Assignment:
All lines from the one that contains "Sturdy nylon webbing" to the end of the data must be retyped exactly. Pictures are not retyped.

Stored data
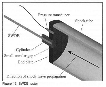 The second challenge is ensuring that the testing time is adequate. When the stress wave propagates to the end of the balance it reflects and returns to the front end of the balance where it reflects again. It can oscillate a number of times before decaying. Every time it passes the strain gauges it causes a response. As long as the impulse response included this response, the reflections can be deconvoluted out of the signal. For the current shock tube application it was found necessary to constrain the end of the balance in the shock tube. This resulted in vibrations from the valve closure entering the rod from the rear, although as described later, methods to overcome this problem have also been implemented. What is crucial, however, is to ensure that the boundary conditions during calibration are identical to that during operation, even if this means reducing the testing time. This is not a serious limitation for the present case where the phenomenon of shock diffraction, i.e. shock propagation over the body, is of very limited duration.
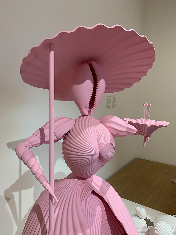 Die pinkfarbige Frau und den kleinen Hund verlegt Katharina Fritsch in die Zeit des >Rokoko und parodiert die damalige Mode mit den ausladenden Röcken, der Wespentaille, dem breitrandigen Hut und dem modischen Accessoire-Hündchen.
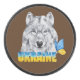 Una hermosa manera para los amantes de los animales de mostrar su apoyo a Ucrania. El diseño de un disco de hockey incluye ilustracion de lobo gris de color agua con texto "Ucrania" y mariposa con los colores azul y amarillo de su bandera nacional sobre fondo marrón.
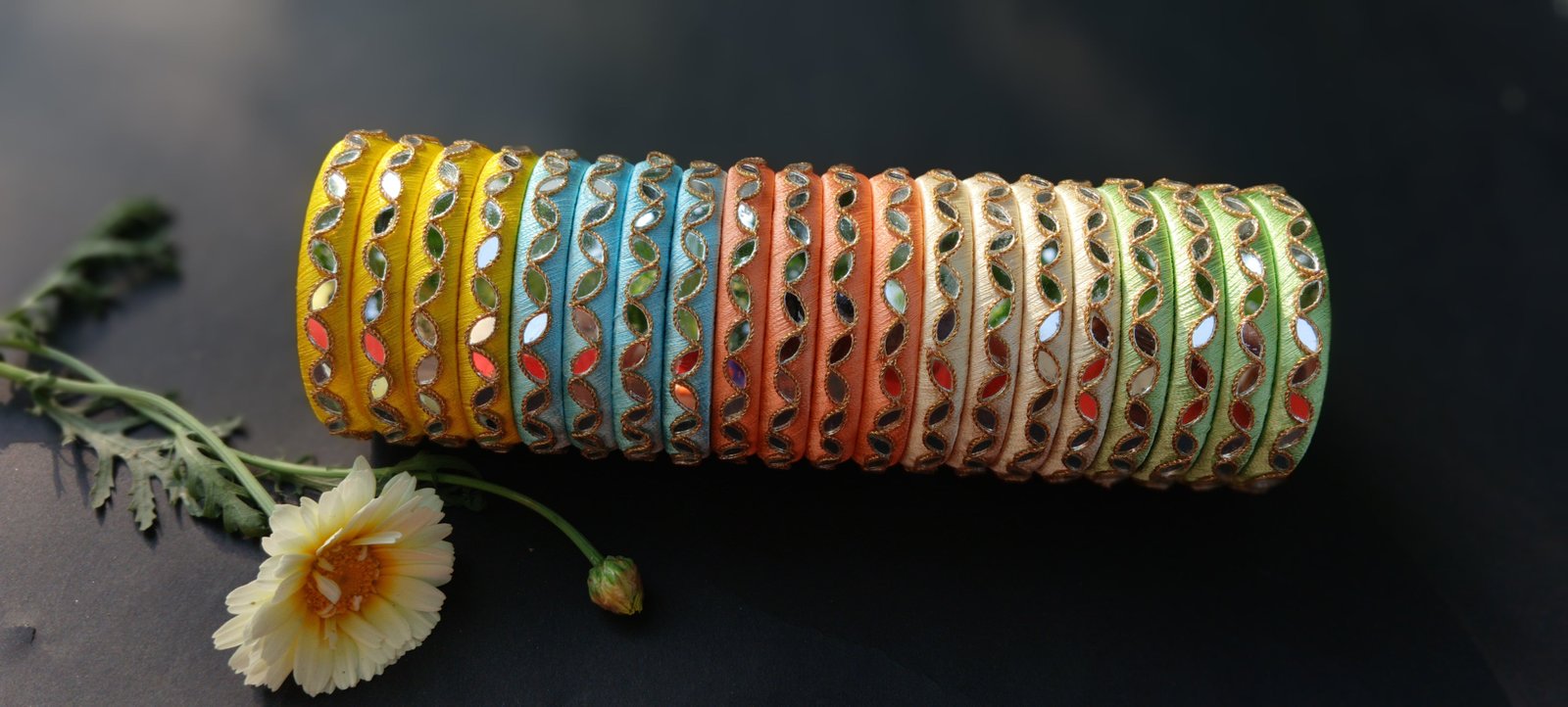 Silk Thread Mirror Work Bangle
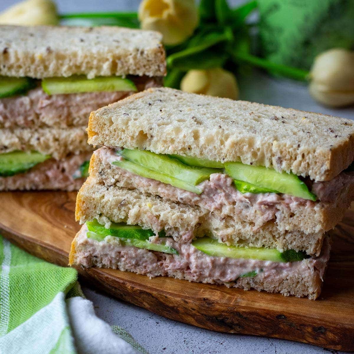 eating a tuna and cucumber sandwich
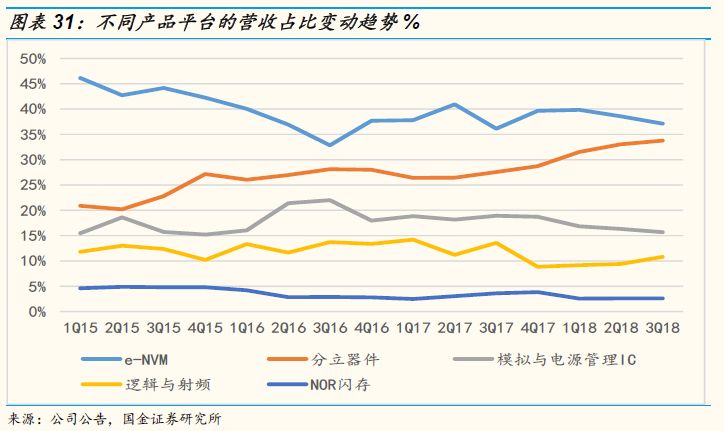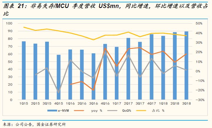 公司的非易失存储器平台是公司营收占比最高的产品平台,占比稳定在35%以上,而且到2016年4季度之后营收增速大幅攀升至20%以上的高增速水平而且一直保持至2018年。仔细分析MCU行业可以发现随着MCU价格的不断下降,当价格下降到足够低的水平的时候,MCU产品的应用范围开始不断拓宽,下游的需求量开始增长。在物联网浪潮的驱动下,下游的需求大幅增长带动MCU行业进行新周期。在未来MCU和智能卡为代表的智能化趋势非常明确,尤其是在无锡的12英寸新产线投产之后,公司可以将最新量产的第二代90纳米eNVM和MCU平台扩展至更先进的55纳米制程,有效提升产品的竞争力水平,所以我们认为未来3至5年内公司的eNVM和MCU依然会是公司的主力产品。
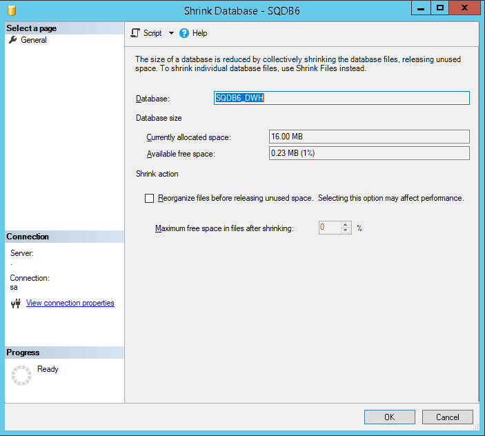- Right-click the SQDB6_DWH database and select the Tasks > Shrink > Database ... option and proceed using OK button
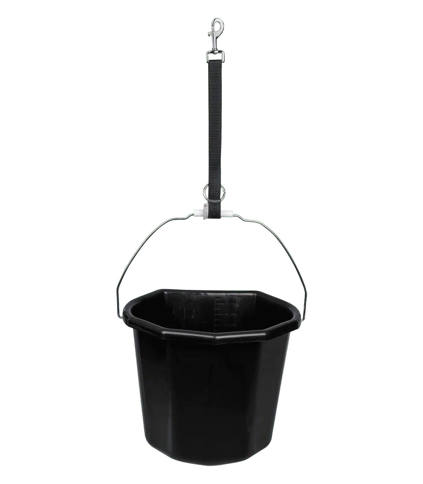 Sturdy nylon webbing holder with stable carabiner for hanging up bucket or other objects
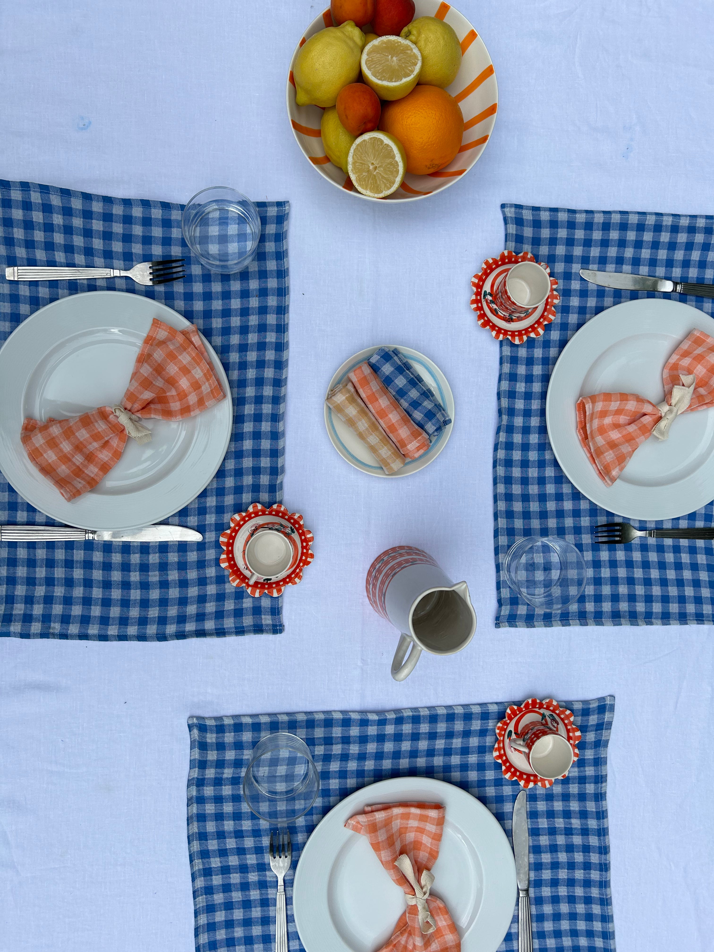 Coffret de 4 Serviettes de Table en Double Gaze de Coton – Vichy Azur, violet, clémentine et vert de gris– 40x40cm
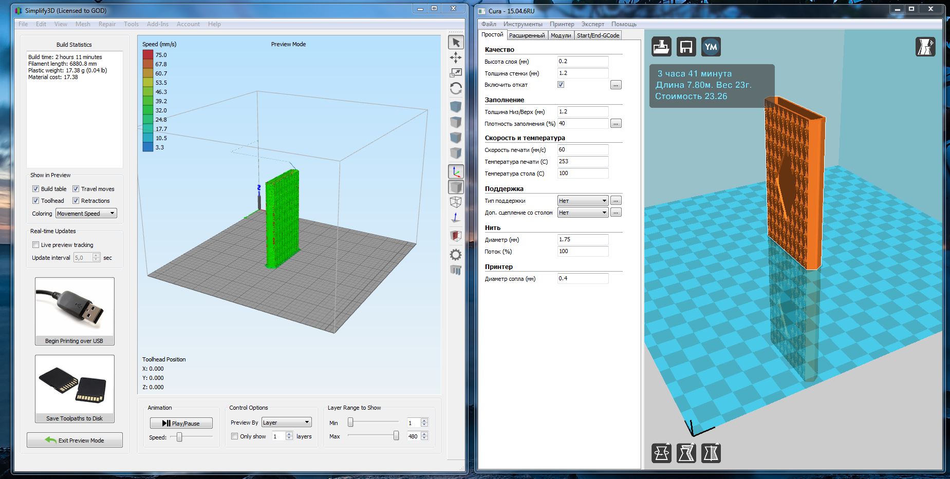 Правда с SIMPLIFY3D почти полдня бился пока отстроил нормально (до этого программой не пользовался и работать с ней не умел). У меня сперва время печати было больше, чем на CURA - диаграмма скоростей показывала , что на стандартных настройках у меня печать - 10 мм/сек. и пока вывел хотя бы до 40 мм/сек в среднем по модели много времени потратил. А сегодня быстро открыл модель , чтобы прикинуть время печати в Куре, а потом просто решил посмотреть пару моментов в SIMPLIFY3D и ...... сильно удивился разнице во времени печати на одинаковых настройках.
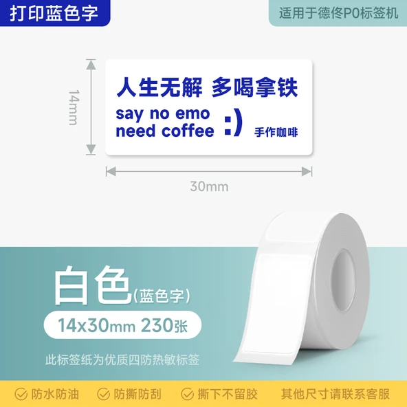 Su Geçirmez Termal Etiket Kağıdı [Mavi Yazı] 14*30 Beyaz Arka - 230 Sayfa/Rulo
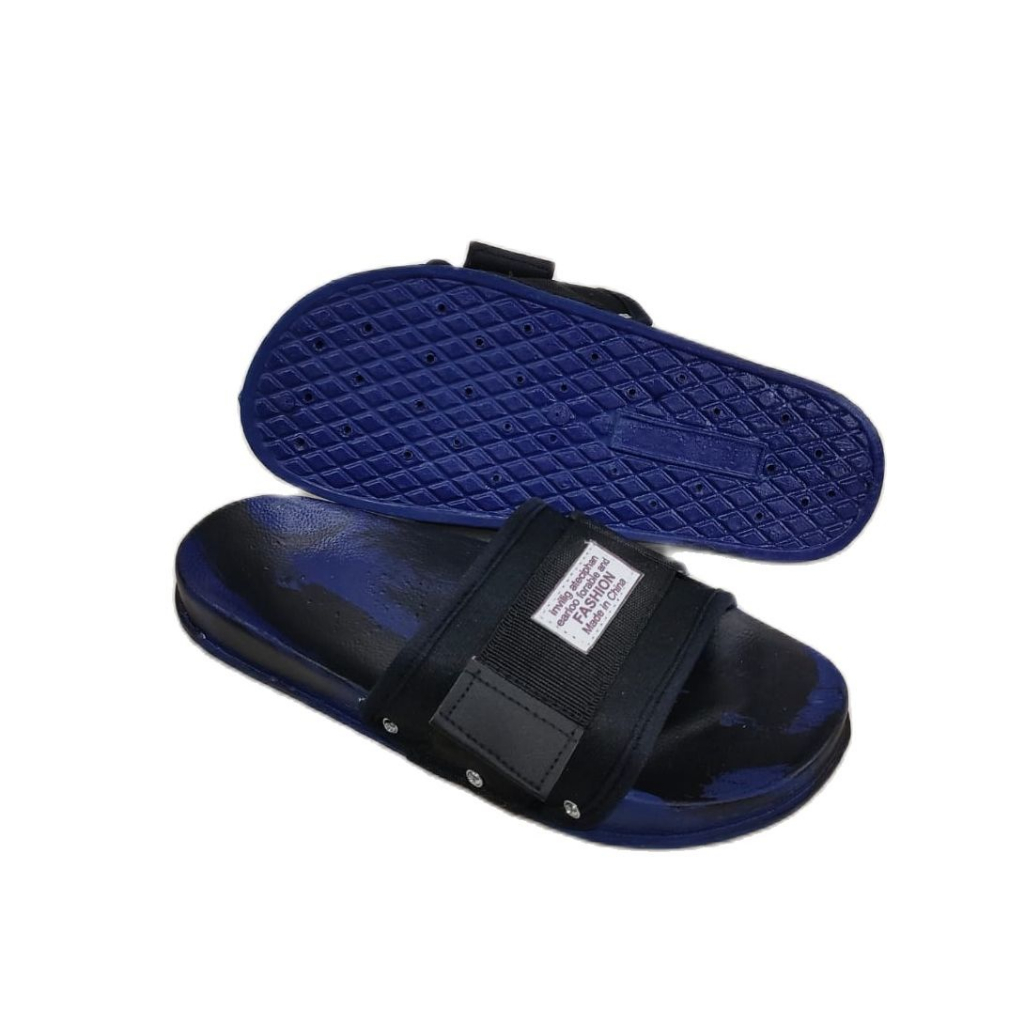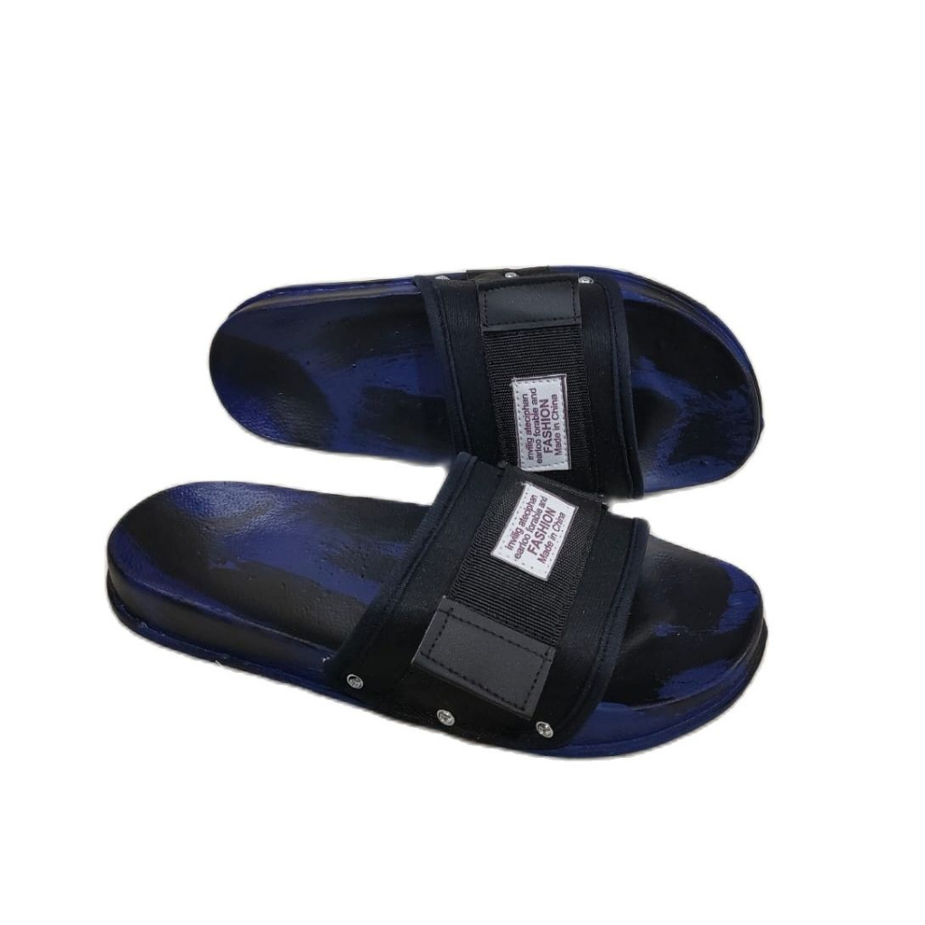 Agnia - Fashion 01 Loreng Biru Hitam - Sandal Slop Pria Terbaru / Sandal Pria/Sandal Slop Pria Kekinian 2025

Exercise result:
 Sturdy nylon webbing holder with stable carabiner for hanging up bucket or other objects
 Coffret de 4 Serviettes de Table en Double Gaze de Coton – Vichy Azur, violet, clémentine et vert de gris– 40x40cm
 Правда с SIMPLIFY3D почти полдня бился пока отстроил нормально (до этого программой не пользовался и работать с ней не умел). У меня сперва время печати было больше, чем на CURA - диаграмма скоростей показывала , что на стандартных настройках у меня печать - 10 мм/сек. и пока вывел хотя бы до 40 мм/сек в среднем по модели много времени потратил. А сегодня быстро открыл модель , чтобы прикинуть время печати в Куре, а потом просто решил посмотреть пару моментов в SIMPLIFY3D и ...... сильно удивился разнице во времени печати на одинаковых настройках.
 Su Geçirmez Termal Etiket Kağıdı [Mavi Yazı] 14*30 Beyaz Arka - 230 Sayfa/Rulo
 Agnia - Fashion 01 Loreng Biru Hitam - Sandal Slop Pria Terbaru / Sandal Pria/Sandal Slop Pria Kekinian 2025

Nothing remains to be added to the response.